WHAT THE TASK REQUIRES:
Stop after the line holding "2518:00октябряДом Культуры АО". Repeat exactly every line before it in the records below, that line too, and leave out the pictures.

SUPPLIED DATA:
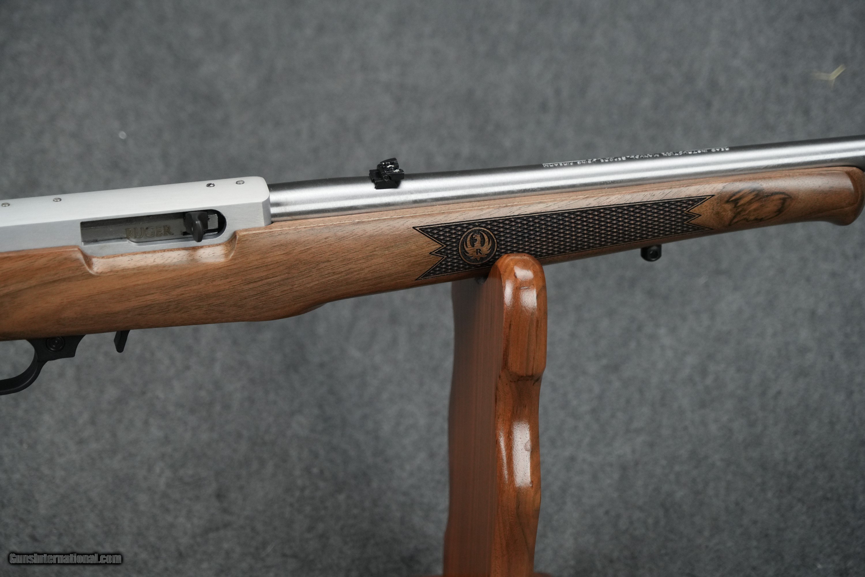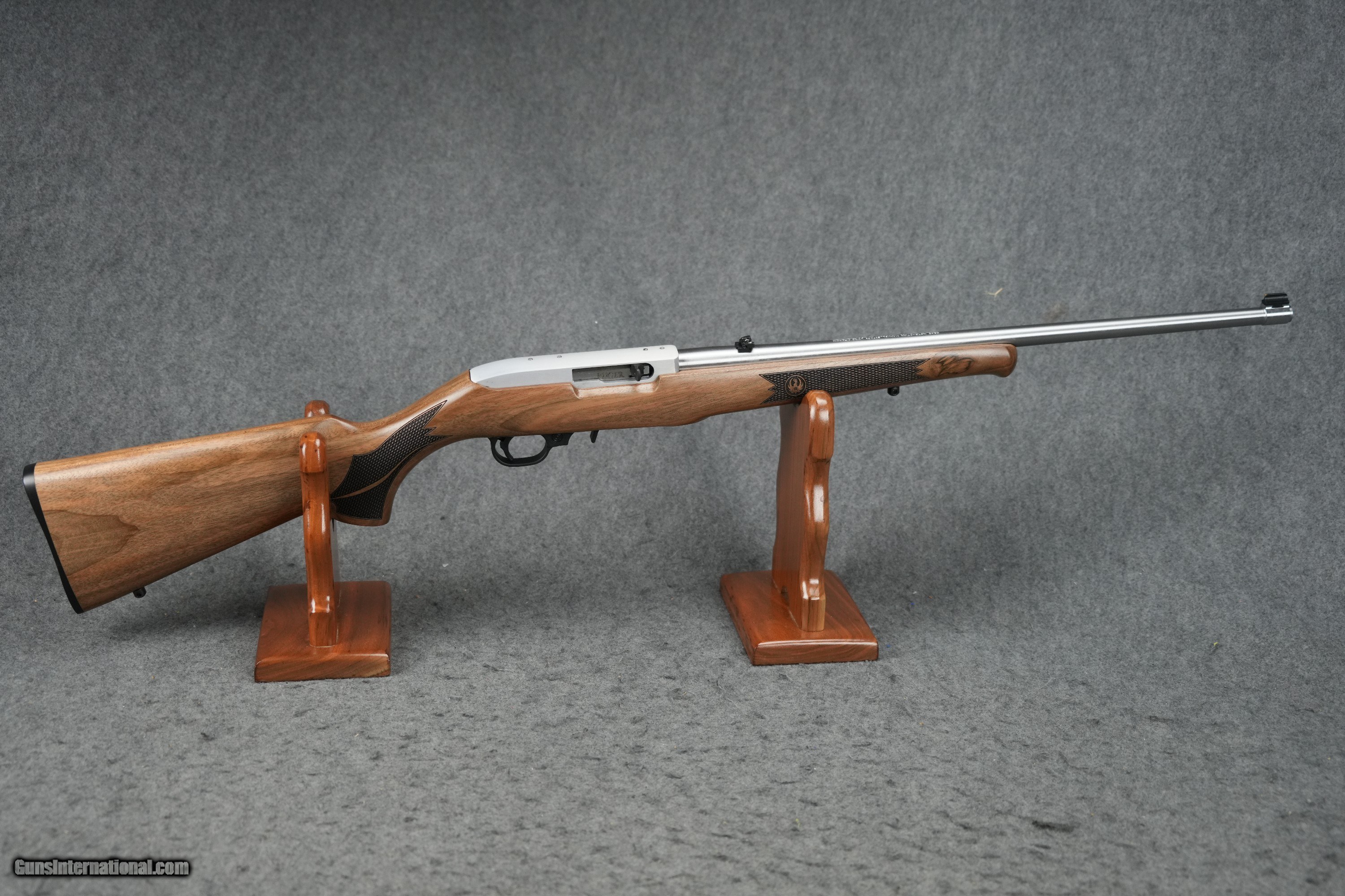 Description: ***BRAND NEW IN BOX*** ***The firearm pictured is the ACTUAL gun for sale! All images are of the ACTUAL item, unless specified otherwise. The item seen is the item you will receive. *** Product Description For over 50 years, the ubiquitous 10/22® has been America’s favorite .22 rifle. With proven performance, a legendary action and a renowned, reliable rotary magazine, the 10/22® has inspired a loyal following for over half a century. Safety: Cross Bolt Frame Finish: Stainless Steel Drilled & Tapped: Yes Front Sight: Gold Bead Rear Sight: Adjustable Weight: 5.7 lbs. Firearm Stock: Deluxe Altamont French Walnut Finish: Stainless Magazine Count: 1.00 Frame Material: Stainless Steel Scope Base: Scope Base Adapter Magazine Type: Detachable Rotary Magazine Barrel Configuration: Single Rifled Barrel: Yes Forend Rail: Schnabel Forend Sling Attachment: Yes Buttplate/Recoil Pad: Black Plastic SOLD Rifle Caliber: .22 Long Rifle Manufacturer: RUGER Model: 10/22 Sporter Barrel Length: 20" Barrel Condition: BRAND NEW |
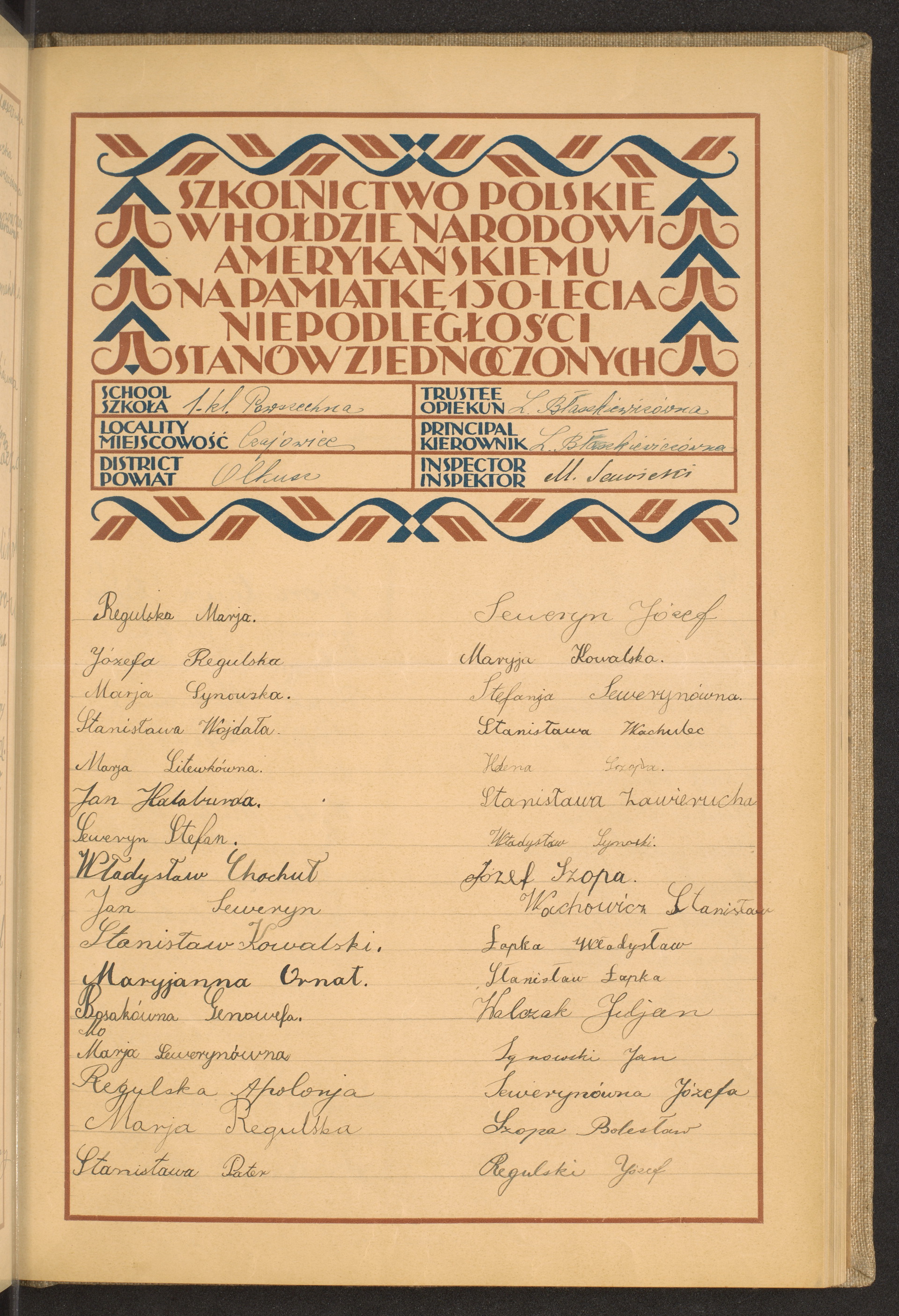 szkoły powszechne i gimnazja; powiaty Olkusz-Ostrołęka
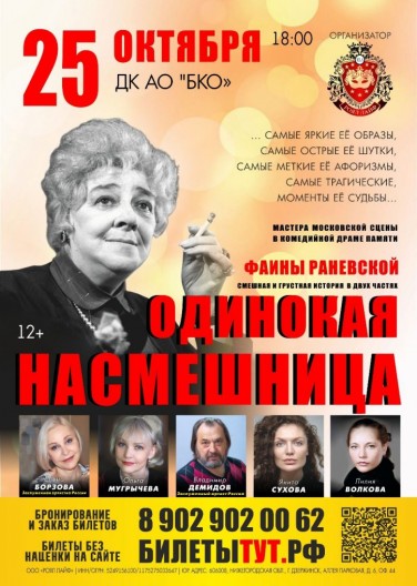 2518:00октябряДом Культуры АО "БКО"г. Боровичи1200 – 2900 рубОдинокая насмешницаНеповторимый, не придуманный авторами, а подлинный юмор Фаины Раневской, самые яркие ее образы, самые смешные ее анекдоты, самые меткие ее афоризмы, самые трагикомические моменты ее судьбы. Время действия — последний год жизни великой актрисы и человека.
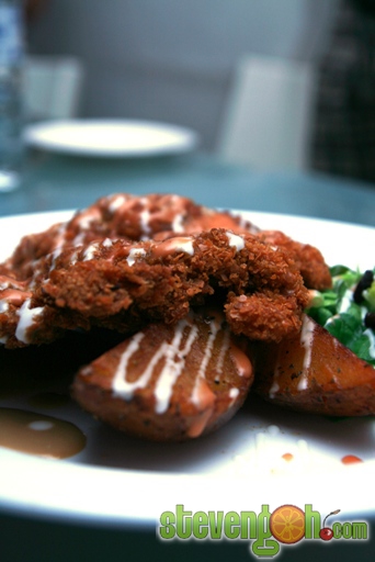 Coffee Chicken Chop – RM13.90, this dish is a fusion western style. The batter had been mixed with some coffee powder and applied on to the chicken thigh before it was brought to the pan to be deep fried. It was placed on top of potato wedges, roman lettuce and pickled olive slices. It was then served together with some mayonnaise sauce.
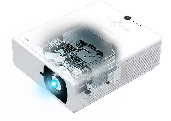La lampe laser du vidéoprojecteur Viewsonic LS800HD offre une longévité sans commune mesure avec les traditionnelles lampes UHP, puisqu'elle peut fonctionner jusqu'à 30000 heures. Un autre atout de la source lumineuse laser phosphore est son allumage et son extinction quasi instantanée, ainsi que la possibilité de le laisser fonctionner 24h/24 sans risque. Il est donc possible d'envisager de très longues séances de projection sans crainte que la lampe et le vidéoprojecteur ne surchauffent. De plus, la source lumineuse et tout le module optique sont montés dans un châssis scellé et étanche IPX6. L'humidité et les moisissures ne viendront pas ternir la qualité des optiques avec le temps.
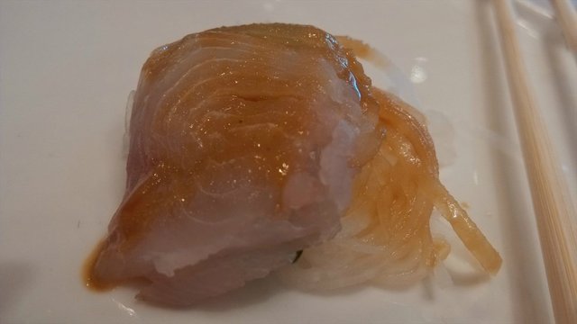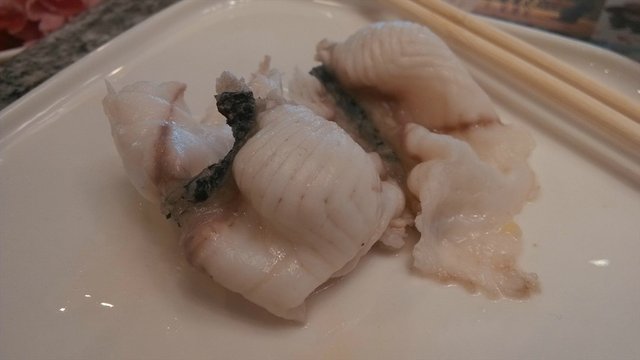 斑鱼是它家的特色,生的时候,装在盘里感觉非常的薄,好似一层膜贴在盘底似的,但涮完后其实并不薄,鱼片虽不大,但肉不少,口感很Q,肉也很实,味道还不错,它家有特制的调酱,其主要成份是姜和香油,斑鱼就着吃味道挺独特的。鱼片看上去很薄,但肉里还带着刺,虽然不是毛刺,但吃的时候也一定要注意。
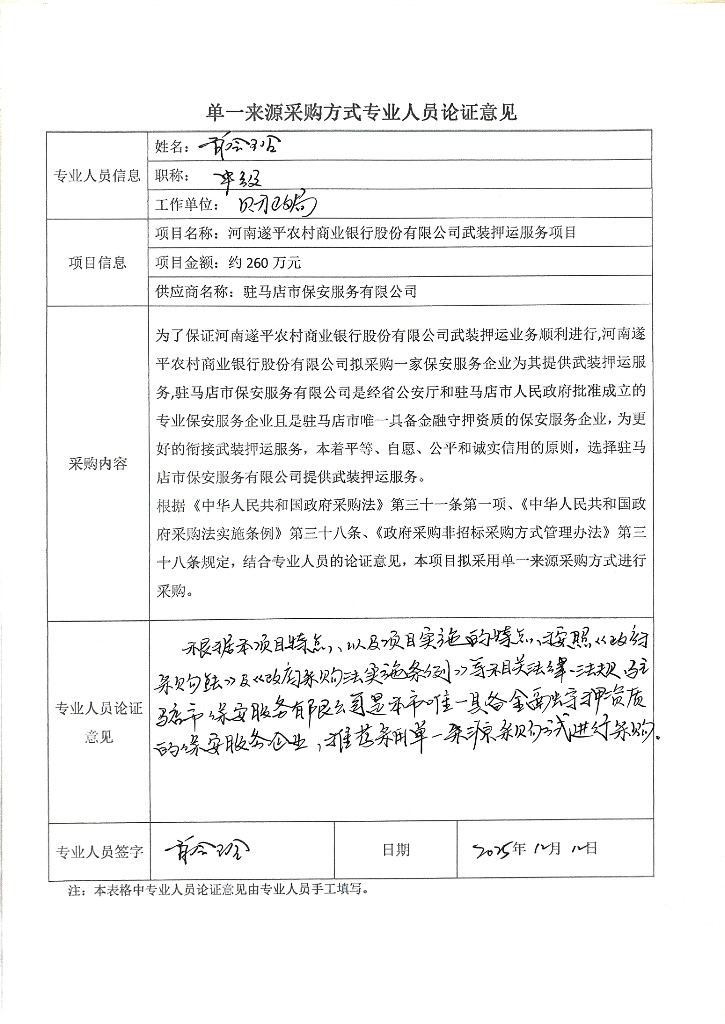 1.項(xiàng)目名稱:河南遂平農(nóng)村商業(yè)銀行股份有限公司武裝押運(yùn)服務(wù)項(xiàng)目

WORKED SOLUTION:
 Description: ***BRAND NEW IN BOX*** ***The firearm pictured is the ACTUAL gun for sale! All images are of the ACTUAL item, unless specified otherwise. The item seen is the item you will receive. *** Product Description For over 50 years, the ubiquitous 10/22® has been America’s favorite .22 rifle. With proven performance, a legendary action and a renowned, reliable rotary magazine, the 10/22® has inspired a loyal following for over half a century. Safety: Cross Bolt Frame Finish: Stainless Steel Drilled & Tapped: Yes Front Sight: Gold Bead Rear Sight: Adjustable Weight: 5.7 lbs. Firearm Stock: Deluxe Altamont French Walnut Finish: Stainless Magazine Count: 1.00 Frame Material: Stainless Steel Scope Base: Scope Base Adapter Magazine Type: Detachable Rotary Magazine Barrel Configuration: Single Rifled Barrel: Yes Forend Rail: Schnabel Forend Sling Attachment: Yes Buttplate/Recoil Pad: Black Plastic SOLD Rifle Caliber: .22 Long Rifle Manufacturer: RUGER Model: 10/22 Sporter Barrel Length: 20" Barrel Condition: BRAND NEW |
 szkoły powszechne i gimnazja; powiaty Olkusz-Ostrołęka
 2518:00октябряДом Культуры АО "БКО"г. Боровичи1200 – 2900 рубОдинокая насмешницаНеповторимый, не придуманный авторами, а подлинный юмор Фаины Раневской, самые яркие ее образы, самые смешные ее анекдоты, самые меткие ее афоризмы, самые трагикомические моменты ее судьбы. Время действия — последний год жизни великой актрисы и человека.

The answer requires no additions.